L'analyse juridique du Conseil de la concurrence

Si, pour le Conseil de la concurrence, le monopole de distribution des livrets A et bleu ne peut être qualifié d'abus de position dominante, en revanche, il constitue une restriction de concurrence injustifiée par des considérations d'intérêt général.

Le monopole ne constitue pas un abus de position dominante

Pour le Conseil, même si aucun autre produit d'épargne n'offre autant d'avantages que le livret A, certains produits lui sont substituables (CODEVI, livrets jeunes, LEP... ). Si bien qu'il ne constitue pas un marché financier spécifique, mais un segment d'un marché plus vaste qui est celui des livrets d'épargne administrée.

Sur ce marché, les caisses d'épargne, avec 38 % de parts de marchés, ne détiennent pas une position dominante. D'une part, parce le deuxième opérateur - La Poste - détient aussi une part importante (24 %). D'autre part, parce les autres établissements qui ne distribuent pas le livret A sont en progression, alors que la collecte du livret A a tendance à diminuer.

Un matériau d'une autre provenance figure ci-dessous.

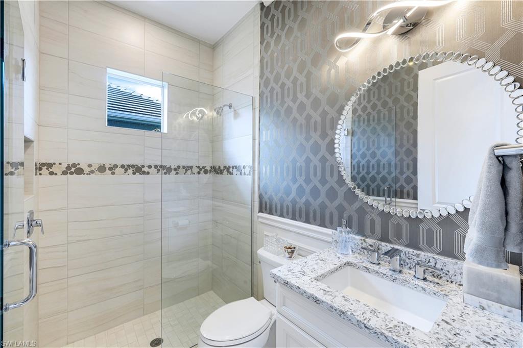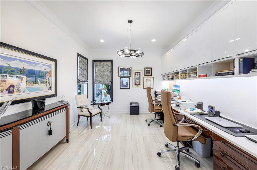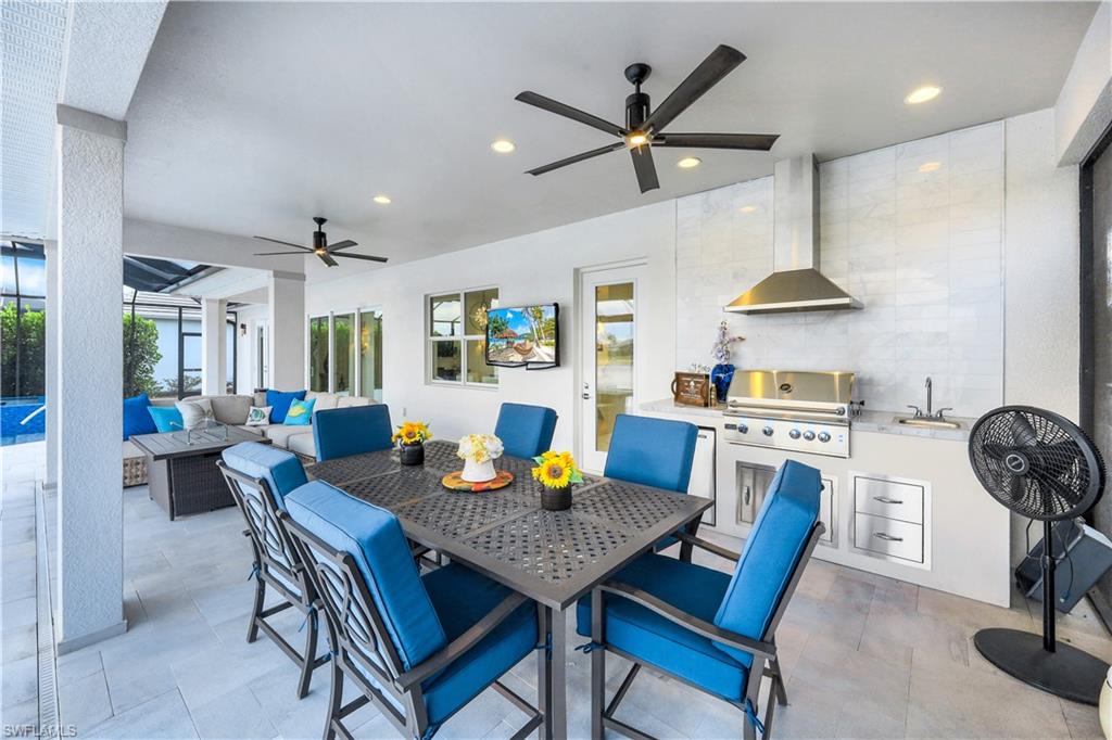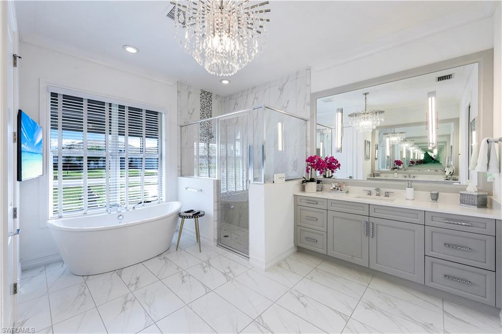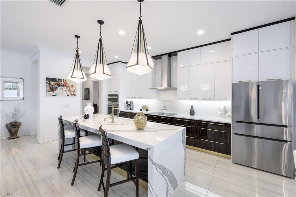 Situated on a Premium Lakefront lot in Naples Reserve, this Beautiful Marathon by Stock Construction has fabulous wide lake views. Enjoy the luxurious lifestyle of this Contemporary open floor plan home with 3 bedrooms plus a den with beautiful Built-in Cabinets, 3.5 baths & 3 car garage with over $$450,000+ in upgrades done after Build!!! The Custom kitchen boasts pullout drawers, a walk-in pantry with electricity & area for small appliances so they won't clutter the countertops, Bosch induction cooktop that heats in seconds, Bosch refrig/freezer and a large island with Cambria Quartz waterfall edges. Electrical outlets are hidden under custom upper cabinets, Elegant 24"x48" Matched Porcelain tile floors run throughout the main areas & master bedroom. Relax in the solar & electric heated Saltwater pool & infinity Jacuzzi surrounded by imported Turkish stone tiles thruout the patio & outdoor Kitchen and covered by a large Picture Window Noseeum screen. Savor the beauty of the custom-designed landscaping. The Kitchen cabinets & appliances, Porcelain Tile Flooring, Pool and Outdoor Kitchen & builtin cabinets were added after closing! Naples Reserve is one of the most desirable neighborhoods in Naples & provides outstanding amenities including a clubhouse, lakefront beach, Marina, fabulous lakes with electric boat & Cafe, Tiki bar with fire pit, fitness center, beach-style pool, tennis, Bocce and pickleball courts, walking and jogging paths, boating, dog parks, and kids' play area. Build your own BOAT DOCK on your property! Don't lose this opportunity to live in 1 of the loveliest cities in the USA!
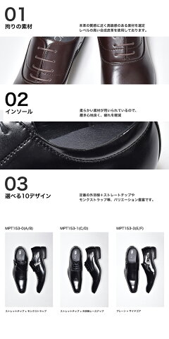 カラー展開 ブラック / ダークブラウン サイズ展開 38(24.0cm) / 39(24.5cm) / 40(25.0cm) / 41(25.5cm) / 42(26.0cm) / 43(26.5cm) / 44(27.0cm) / 45(27.5cm) / 46(28.0cm) ヒール高 MPT153-0 (A,B) / 3.2cm MPT153-1 (C,D) / 3.2cm MPT153-3 (E,F) / 3.2cm MPT178-1 (G,H) / 3cm MPT178-3 (I,J) / 3cm MPT178-4 (K,L) / 3cm MPT112-1 (M,N) / 3cm MPT114-1 (O,P) / 3cm MPT129-2 (Q,R) / 3cm MPT293 (S,T) / 3.2cm ワイズ 3E (EEE) 相当 素材 【アッパー】合成皮革(フェイクレザー) / 【ソール】合成素材 合成皮革の特徴 レザーより「雨に強く、カビがつきにくい性質」 また、お手入れも簡単で普段使いには最適な素材です。
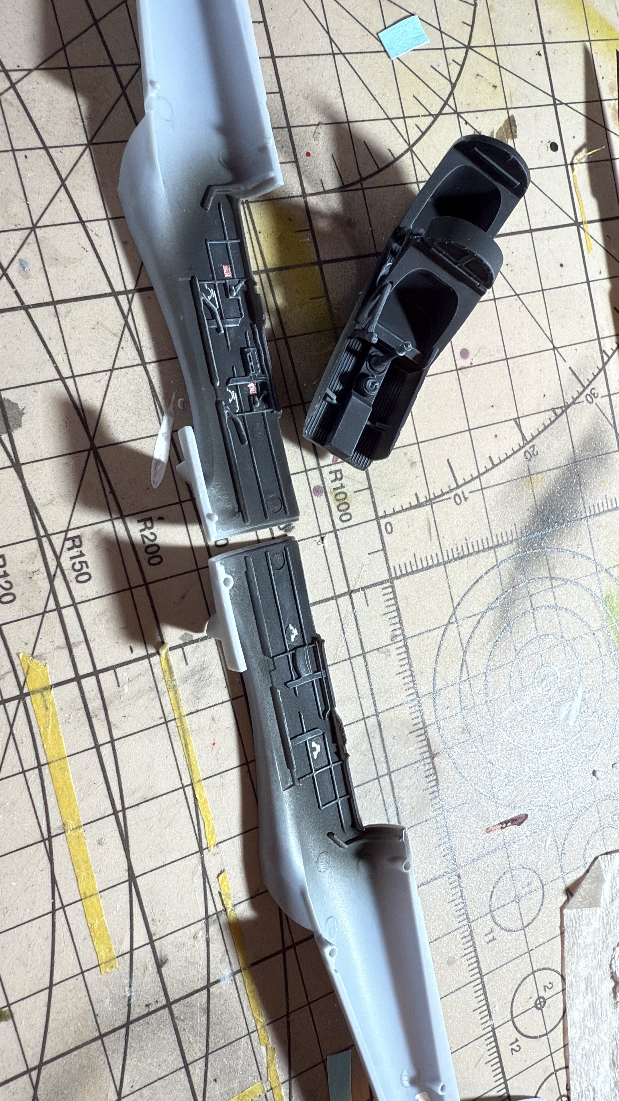 tonight I put the primer on. So over the next few weeks can do the paint job which I’m still waiting on photos so I can see some details but pretty sure it’s will be grey with a black nose area and of course its own custom decals!

A supposer même que les caisses d'épargne détiennent une position dominante sur le marché des livrets d'épargne administrée, des pratiques abusives sont difficilement envisageables, puisque les conditions d'ouverture, de rémunération et de plafonnement des livrets sont fixés par les pouvoirs publics.

En revanche, le Conseil n'exclut pas que les résultats éventuels dégagés par la gestion du livret A soient utilisés pour subventionner les ventes de produits sur d'autres marchés. Mais s'il est vrai que le livret A constitue un produit d'appel plaçant les établissements qui le distribuent en situation privilégiée, d'autres produits ou services qui sont distribués librement peuvent aussi comporter de tels effets.

Il suit de ce qui précède que le monopole des caisses d'épargne ne constitue pas un abus de position dominante.

Le monopole constitue une restriction de concurrence injustifiée

Partant du postulat que ce monopole constitue une restriction de concurrence, le Conseil s'interroge sur le point de savoir si celle-ci est justifiée ou non.

Il rappelle que le droit communautaire n'interdit pas l'octroi par un État membre de droits exclusifs à des entreprises, publiques ou non, chargées de la gestion de services d'intérêt économique général, alors même que l'attribution de tels droits entraîne des restrictions à la concurrence. Mais pour que l'octroi de tels droits soit compatible avec le droit communautaire, encore faut-il que soient réunis deux éléments. Il faut en effet :

D'une part, une mission d'intérêt général assignée par un acte de puissance publique ;

D'autre part, que la restriction de concurrence soit indispensable à l'accomplissement de la mission.

Or, la distribution des livrets A et bleus est susceptible de répondre à deux missions d'intérêt général : le développement de l'épargne populaire, le financement du logement social.